The rules and the facts won't help you. Who do you marry? Do you get married? Who should you date? Do you break up? What career should you go into? What school should you go to? Should I stay here? Should I go to another job? Should I move here? Should I move there? Should I confront the person or should I hold back? Should I take the risk or should I play it safe? And do you realize a wrong decision in any of those things is a disaster and yet the rules don't cover them

Whatever you think the moral rules are, they don't cover them. And knowledge isn't enough. And we live in a culture that on the one hand, you've got the scientific secular culture that thinks that science, scientific expertise will give you all the answers. It doesn't give the answers on any of those things. Most of the things you need. And there's, of course, people in the church and people, you know, the moral people who say morality is important. Of course it's important. It's absolutely crucial. But it doesn't help you on these areas.

I would like to suggest that a lot of you today the reason you are have that sick sinking feeling in your stomach about your life is Because you know you're in a situation that you don't have the wisdom to address. That's the problem It's not just it's not a matter so much of Knowledge or smarts or moral rectitude. It's it's you don't have the wisdom. We're perishing for lack of wisdom So you see the importance of wisdom

Wisdom is infinitely more important than all the silver, all the gold, all the jewels, and all you could even imagine does not even compare to her. So, okay, then now let's move on. What's the definition? That's the importance of it. What's the definition of it? Well, we've already kind of hinted at it, but in verses 12 to 16, let's move on down the passage. Let's move on down the text. If you move on, you'll see there's a lot of synonyms. And if you read the whole book of Proverbs, you'll find that these synonyms continually come up.

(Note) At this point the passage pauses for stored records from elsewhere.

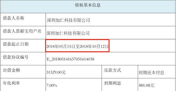 有一个借款人为深圳加仁科技有限公司,其在票据宝平台上发起了为时5个月的借款,约定还款日期为2018年10月12日。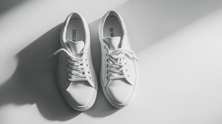 A pair of white sneakers on a white background, with a minimalist and clean aesthetic.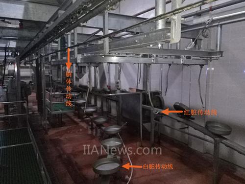 在生產(chǎn)過(guò)程中,被開(kāi)膛的豬胴體經(jīng)過(guò)胴體傳送鏈條時(shí),會(huì)掛在傳動(dòng)鏈條上,輸送到操作臺(tái),此時(shí)會(huì)與白臟線同步定位,操作工人將白臟切下,放入托盤(pán)中。胴體會(huì)一直往前輸送,到達(dá)紅臟掛鉤處,工人將紅臟切下,掛在掛鉤上。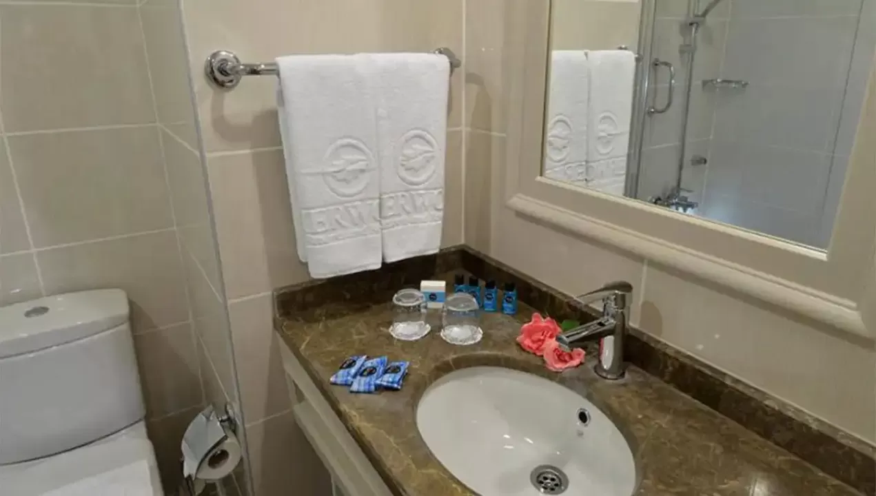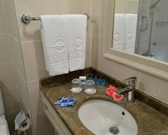 kupatilo sa tušem, fenom i telefonom, centralna klima (radi u zavisnosti od vremenskih uslova), direktan telefon, mini bar (negazirana i gazirana voda i sokovi po dolasku, voda se dopunjuje svakodnevno), sef, keramičke pločice na podu, LCD-SAT-TV, muzički kanali, Wi Fi internet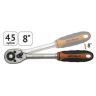 Флажковый механизм трещотки позволяет переключать направление рабочего вращения и обеспечивает минимальный угол поворота 8 градусов за счет привода с 45-тью зубцами.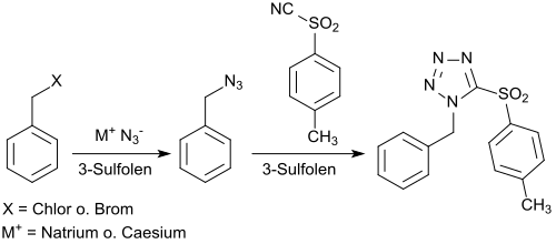 The reversibility of the interconversion of 3-sulfolene with buta-1,3-diene and sulfur dioxide suggests the use of sulfolene as a recyclable aprotic dipolar solvent, in replacement for dimethyl sulfoxide (DMSO), which is often used but difficult to separate and poorly reusable.[26] As a model reaction, the reaction of benzyl azide with 4-toluenesulfonic acid cyanide forming 1-benzyl-5-(4-toluenesulfonyl)tetrazole was investigated. The formation of the tetrazole can also be carried out as a one-pot reaction without the isolation of the benzyl azide with 72% overall yield.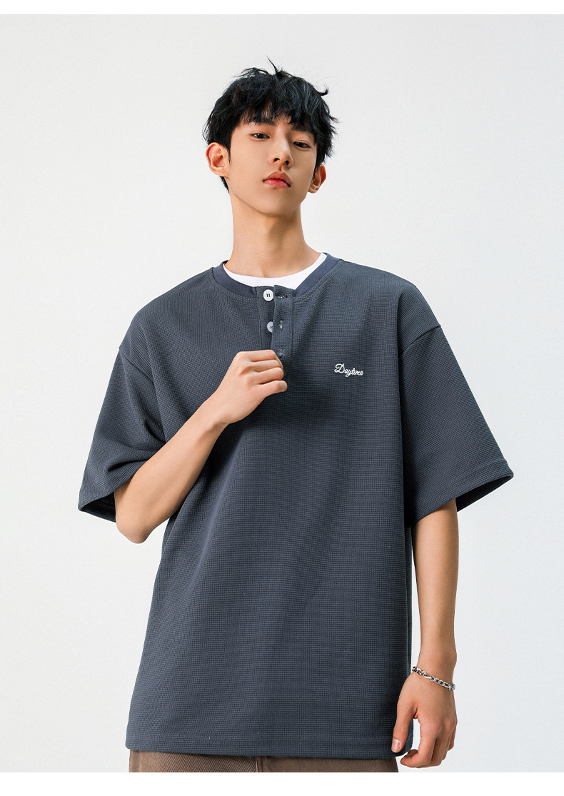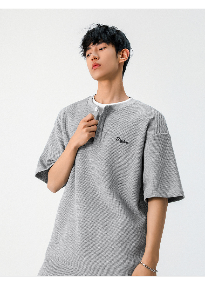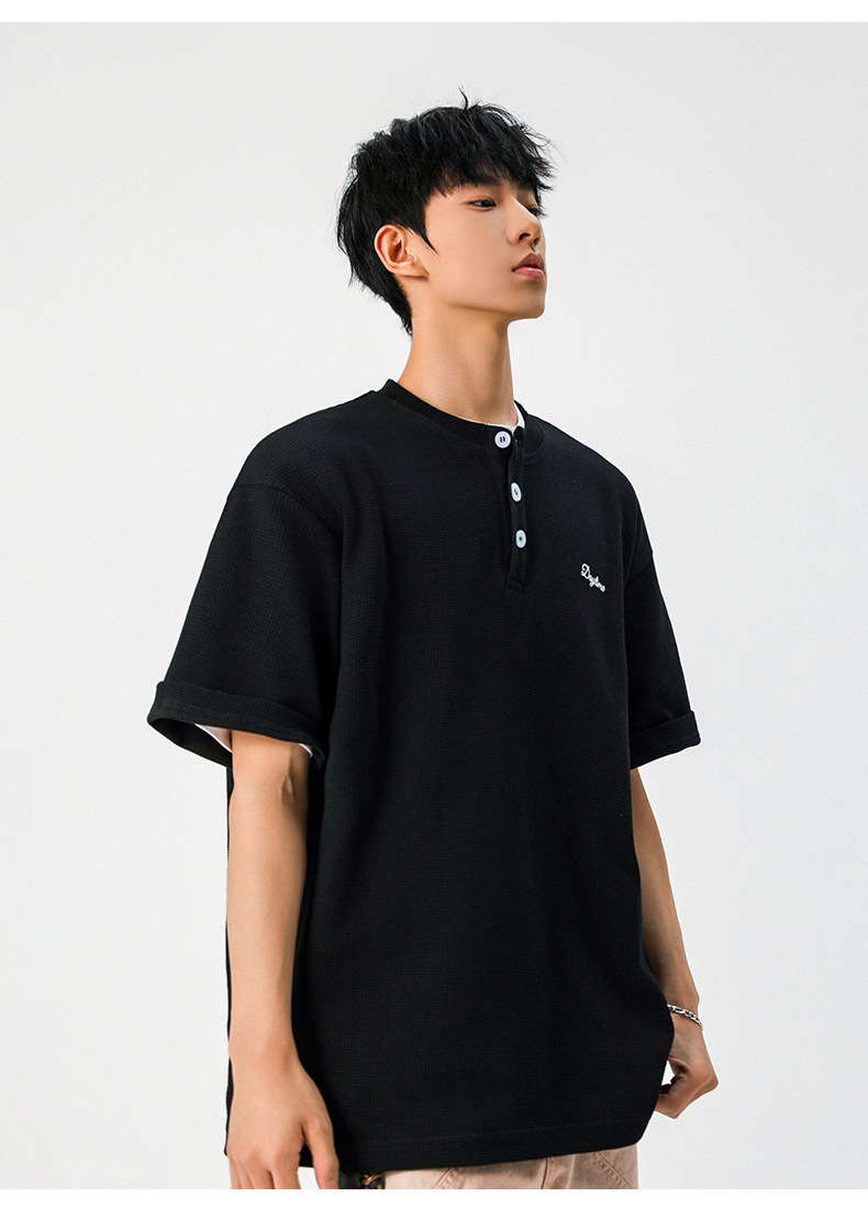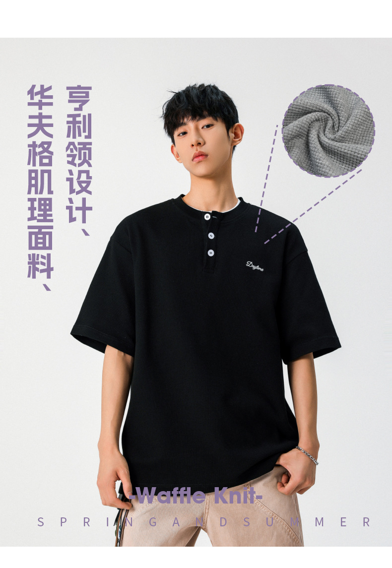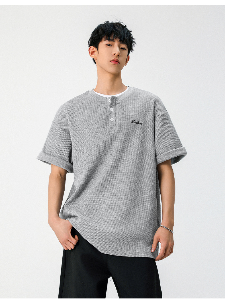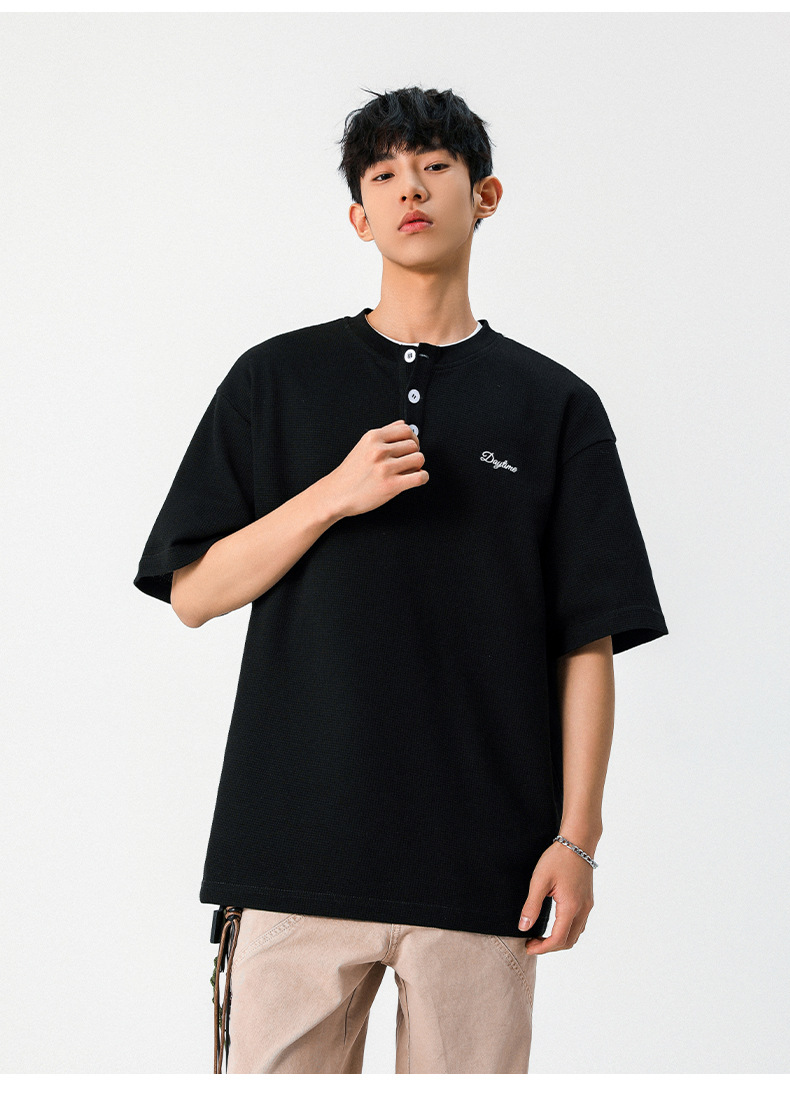 【YW】无忧购韩系重磅宽松撞色字母刺绣亨利领华夫格短袖T恤男MT7199(截单后7天发货)

Again, here's wisdom speaking and wisdom's, I, wisdom, dwell with prudence. I dwell with, I have insight and so on. Many of these words, Hebrew words, are important synonyms used throughout the book to give us perspectives on wisdom. Let me give you three. First of all, notice it says wisdom has insight, verse 14, and that's the Hebrew word bina, which actually would mean knowing how things really work, knowing how things really happen.

Then secondly, it says, I wisdom dwell with prudence. Now, that's not the best English translation. But anyway, here's a word that means to notice little distinctions, which means wisdom is knowing how things really are. So, for example, Sherlock Holmes walks into a room and it's all a mess. And you and I look around and say, it's just a mess. But he sees clues. He sees little things, little things. You see a blur. He sees little distinctions. Did you see? It's that long, not that long. And suddenly he knows what really happened.

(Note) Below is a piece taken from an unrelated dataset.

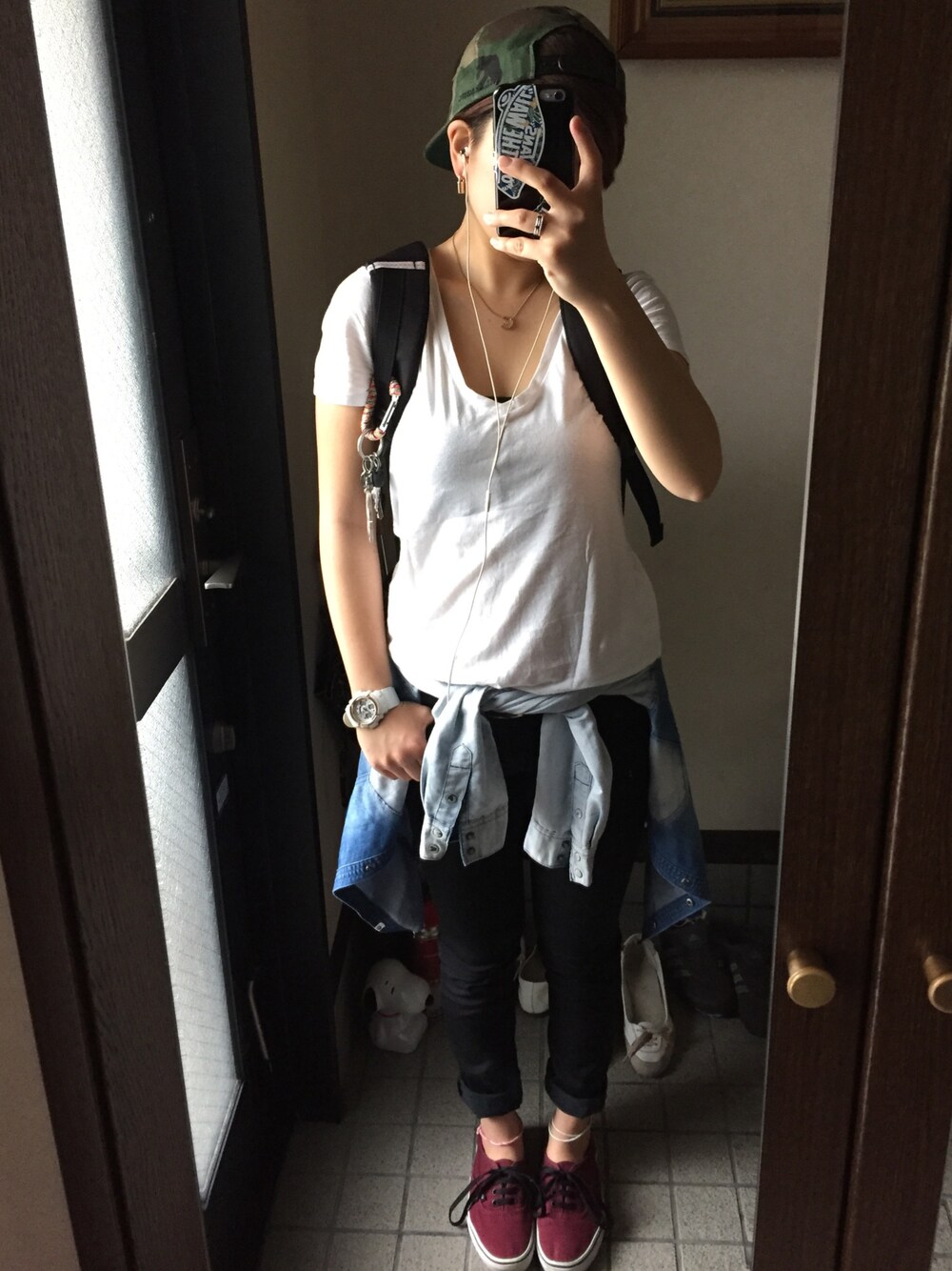 town style😊🙌🏽 雨も止んだし、こないだ古着屋さんで買うたVANS履いて買い物に行ってきまーす( ´ ▽ ` )ノ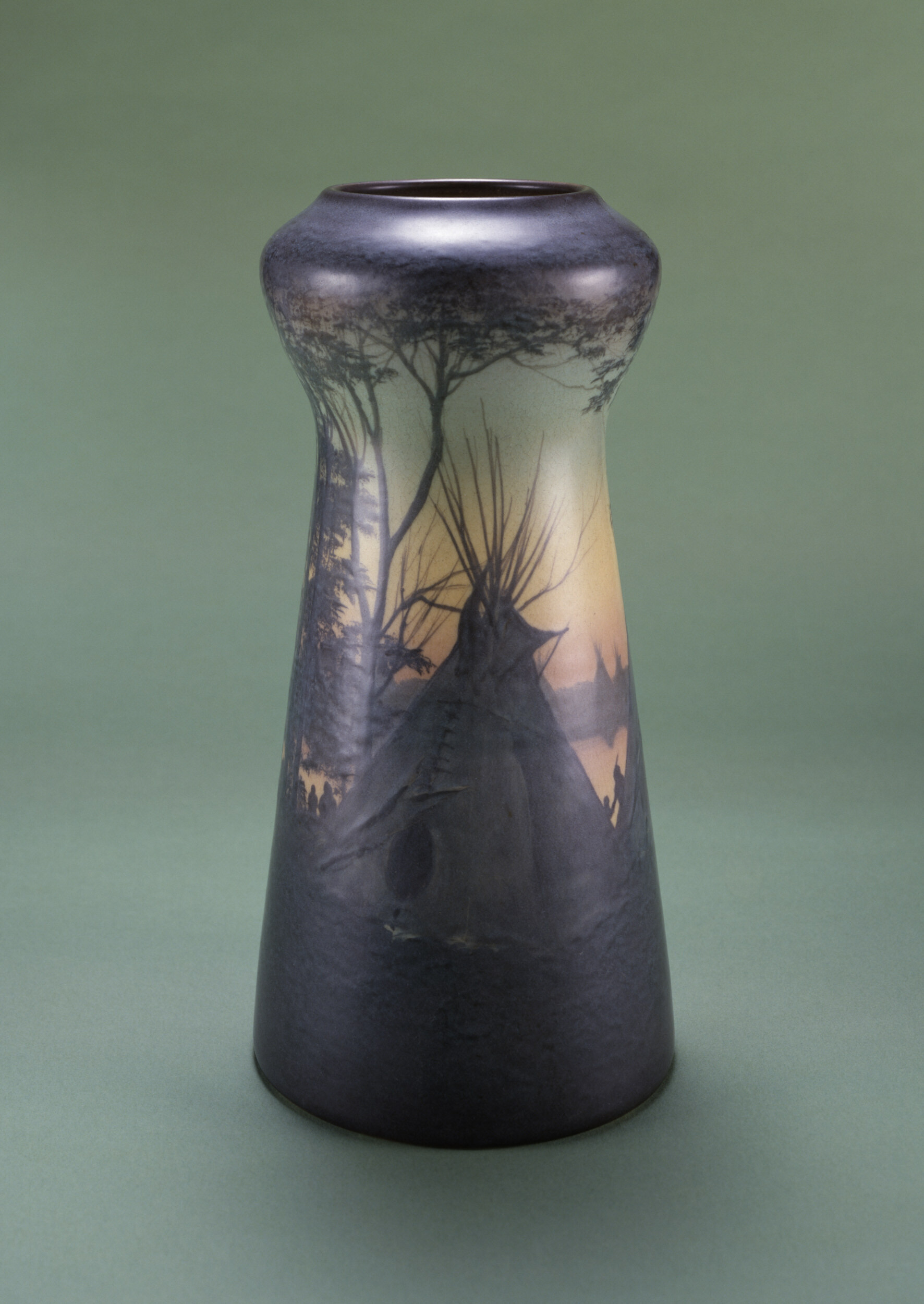 The romance of the unsullied outdoors visible on this vase was part of a romantic vision of the American frontier that still bore the imprint of Jean-Jacques Rousseau’s appreciation of the American Indian of a century earlier as the “noble savage." At the time this vase was produced—around the turn of the nineteenth and twentieth centuries—captains of industry and those truly appreciative of the need for preservation were creating large “camps” in the Adirondacks, but building log structures with many gilded age creature comforts, and buying up large tracts of land to preserve them from the ever encroaching industrialized world. These large tracts are responsible for the preservation to this day of views that might look like the one depicted on the vase, but “Indian” Reservations were not often left to the tribes to stay in their natural state. Thus the irony is that the type of Indian Encampment seen in the vase was already becoming less likely than an encampment of people who wanted to re-create an “Indian” way of life as a vacation style.

Wisdom is knowing how things really happen in the world, how things really work. And wisdom is, secondly, knowing how things really are, how things really work, how things really are. And lastly, by me, kings reign and rulers decree the right things. So wisdom is not just knowing how things really work and how things really are, but also what I should do about it.

And this is the reason why Gerhard von Rod, don't you love that word, that name? Gerhard von Rod, who wrote Wisdom in Israel, the greatest, I think, of all the scholarly books about the wisdom literature and wisdom in Israel. He wrote it quite a few years ago, but I don't think it's surpassed. This is his definition, according to Proverbs, of the term wisdom. Here it is. He says it's becoming competent with regard to the realities of life. Competence with regard to the realities of life.

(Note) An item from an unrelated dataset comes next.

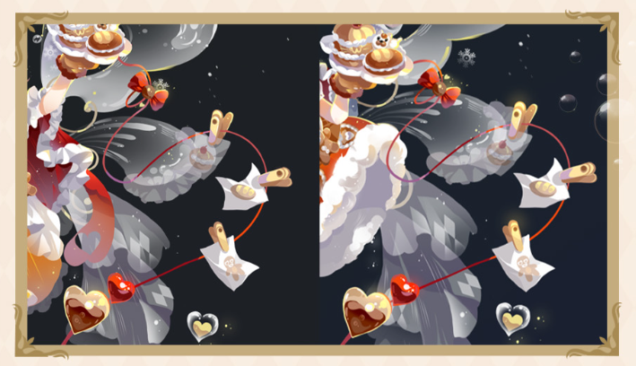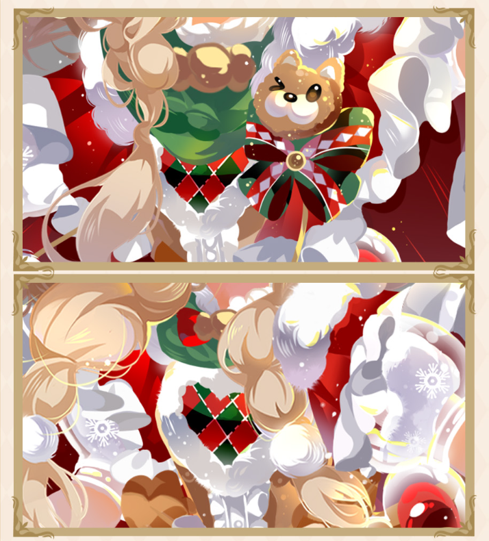 2)银铃节料理清单:手饰物的造型仿佛是一份悬浮的银铃节料理清单,红色丝带轻盈展开,点缀着金色和红色的爱心。长长的红色丝带间夹着绘有姜饼人、面包等甜点的烘焙纸笺,同时手部烤箱手套造型的细节设计,在梦幻氛围中巧妙增添一份贴心的守护。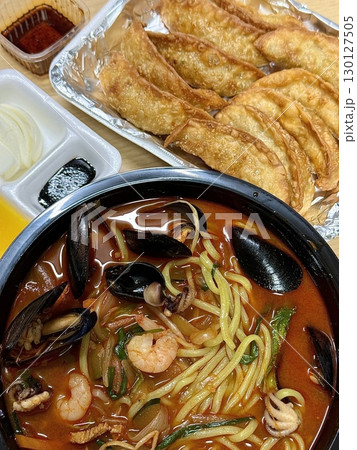 A steaming bowl of jjampong, the spicy Korean-Chinese noodle soup loaded with seafood, vegetables, and rich, flavorful broth. A hearty and satisfying comfort dish.

Knowing how things really happen, knowing how things really are, and knowing what to do about it. And, and Funrod says elsewhere, he says, he says, though wise, the wise have knowledge, of course. And the wise have moral character, of course. But they also have a character of mind and heart so that they always do the right thing even when the rules don't apply. They do the right things even when the rules don't apply. That's

And you know, when you start to think about this, you realize, I haven't been working on that. I've been working on being good, and that's hard enough. Oh my gosh, I've got to be wise too. And yes, you do. The Bible continually talks and illustrates the importance and the nature of wisdom. Last year, we did a series on David, the story of David, the history of David.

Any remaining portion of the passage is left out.